Hong Kong Golf in the 1960s - Part Two

Taken from chapter seven of his magnificent travelogue Golf Addict Goes East (Country Life, 1967), George Houghton turns his attention to golf at Shek O Country Club, a venue he describes as the most fragrant spot in Hong Kong.

No starting times are ever necessary at Shek O golf. Only at weekends, when big business pauses, do the occupiers of the lovely villas escape from the city and come to re-charge their batteries in the lovely valley. Then things become crowded, in a bearable way. But normally everything at Shek O is leisurely. Since 1925 this is where the privileged few have relaxed. The first chairman of the company was named Bird and he chose the club motto which encircles the ibis bird and means “In the middle it is best you go’.
The Golf Widow and I left Shek O with much regret. The valley is very near to what every golf addict has in the back of his mind as a retreat for the day the football pools come up.
Hong Kong was an adventure, and meeting old and new friends was always enjoyable. Most importantly, the golf took us away from the bustling cities of Victoria and Kowloon, which frankly are not for us. Colourful Chinese people, fascinating junk life, thousands of small venturous restaurants . . . We could take all that.
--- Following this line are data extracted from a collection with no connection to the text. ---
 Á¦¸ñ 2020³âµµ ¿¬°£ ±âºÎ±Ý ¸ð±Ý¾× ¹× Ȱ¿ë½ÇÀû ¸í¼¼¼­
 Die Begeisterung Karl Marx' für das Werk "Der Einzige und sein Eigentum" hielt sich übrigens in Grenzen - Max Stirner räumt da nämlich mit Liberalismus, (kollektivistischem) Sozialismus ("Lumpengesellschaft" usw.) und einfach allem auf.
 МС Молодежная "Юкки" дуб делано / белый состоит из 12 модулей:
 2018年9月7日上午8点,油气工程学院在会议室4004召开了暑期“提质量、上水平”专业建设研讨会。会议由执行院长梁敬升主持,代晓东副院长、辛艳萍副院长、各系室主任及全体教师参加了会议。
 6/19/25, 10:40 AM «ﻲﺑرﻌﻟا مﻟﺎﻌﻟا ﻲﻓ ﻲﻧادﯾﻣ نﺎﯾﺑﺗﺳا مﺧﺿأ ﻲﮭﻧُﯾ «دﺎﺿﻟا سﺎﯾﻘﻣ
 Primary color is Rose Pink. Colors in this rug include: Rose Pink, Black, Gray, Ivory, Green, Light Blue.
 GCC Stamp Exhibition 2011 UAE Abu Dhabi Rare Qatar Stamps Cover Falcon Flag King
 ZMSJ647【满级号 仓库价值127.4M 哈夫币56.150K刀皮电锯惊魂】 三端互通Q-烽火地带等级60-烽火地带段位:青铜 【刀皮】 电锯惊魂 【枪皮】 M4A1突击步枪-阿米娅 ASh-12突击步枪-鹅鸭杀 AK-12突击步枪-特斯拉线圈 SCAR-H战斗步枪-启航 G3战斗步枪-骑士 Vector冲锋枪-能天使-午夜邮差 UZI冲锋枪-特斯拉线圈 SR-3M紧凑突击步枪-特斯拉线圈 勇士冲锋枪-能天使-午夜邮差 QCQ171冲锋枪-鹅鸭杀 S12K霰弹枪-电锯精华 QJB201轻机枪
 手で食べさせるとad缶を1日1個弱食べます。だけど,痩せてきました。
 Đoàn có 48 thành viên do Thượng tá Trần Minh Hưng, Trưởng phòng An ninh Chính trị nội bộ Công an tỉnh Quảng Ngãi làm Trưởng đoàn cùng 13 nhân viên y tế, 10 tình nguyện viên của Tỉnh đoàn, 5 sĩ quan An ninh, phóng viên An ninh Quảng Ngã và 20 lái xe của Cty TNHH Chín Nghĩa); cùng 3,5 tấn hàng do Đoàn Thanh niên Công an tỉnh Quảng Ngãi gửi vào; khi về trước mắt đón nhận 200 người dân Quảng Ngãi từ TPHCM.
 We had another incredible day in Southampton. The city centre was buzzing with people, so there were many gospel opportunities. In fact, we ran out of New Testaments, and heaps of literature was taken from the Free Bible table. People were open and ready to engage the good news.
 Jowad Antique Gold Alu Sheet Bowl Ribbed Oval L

But, towering above everything, there are menacing skyscrapers of flats, office blocks, hotels (two of which are 300 feet tall), all terrifyingly clinical. Buzzing along crowded streets like demented bees, four million lost souls chase dollars. Frightful.
‘Nothing in Hong Kong is quite as it appears to be. There’s always something else, beneath the surface,’ said Henry Heath. Of course he is right.
The British Colony started back in 1841. In those days the island had a bad reputation for ill-health, running sores, deafness and dysentery. All that has gone. Brainy British administration and Chinese hard work have produced a kind of twentieth century civilisation.
‘It is a twenty-four hours slog,’ said a Chinese businessman. ‘I have to work much harder in Hong Kong than in China. But I know my son will get a good start,’
The Golf Widow’s great-grandfather lived here, and when he eventually returned to Plymouth he brought back his pigtailed Chinese servant. The poor chap couldn’t stand English crowds and climate, and pined until he was allowed to return to Hong Kong. To-day the reverse would happen. Unless, of course, he was a golfer living at Shek O.